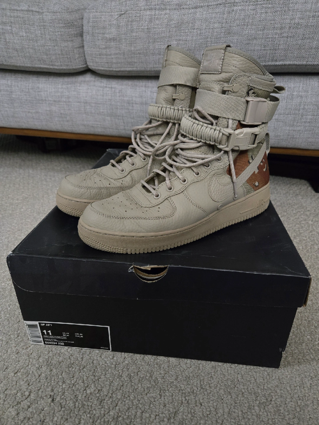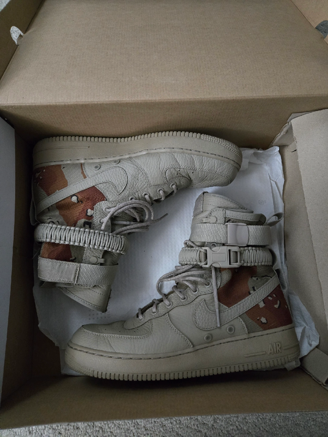 Selling a pair of Nike SF Air Force 1 High in the Desert Camo colourway, size 11 US. These come with the original box. They are in great condition!
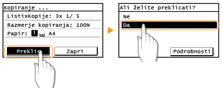 na nadzorni plošči. Kopiranje lahko prekličete tudi zatem, ko preverite stanja kopiranja.
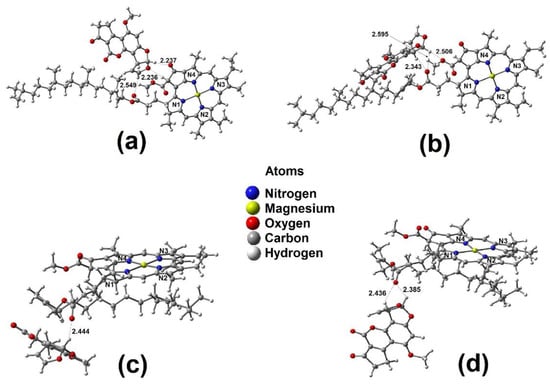 All points made in the previous paragraphs are correlated, and mainly consider interactions with the magnesium ion. In this section, the occurrence of weak hydrogen bond interactions [] between the ester functions of chl a 1 and chl a 2 with AFB1 are discussed and displayed in Table S3 and Figure 4a–d. It is important to remember that the numeration of several atoms is shown in Figure 1.

● What is needed
For this exercise, transcribe the data above line by line, exactly, with pictures omitted.

● Answer space
 Selling a pair of Nike SF Air Force 1 High in the Desert Camo colourway, size 11 US. These come with the original box. They are in great condition!
 na nadzorni plošči. Kopiranje lahko prekličete tudi zatem, ko preverite stanja kopiranja.
 All points made in the previous paragraphs are correlated, and mainly consider interactions with the magnesium ion. In this section, the occurrence of weak hydrogen bond interactions [] between the ester functions of chl a 1 and chl a 2 with AFB1 are discussed and displayed in Table S3 and Figure 4a–d. It is important to remember that the numeration of several atoms is shown in Figure 1.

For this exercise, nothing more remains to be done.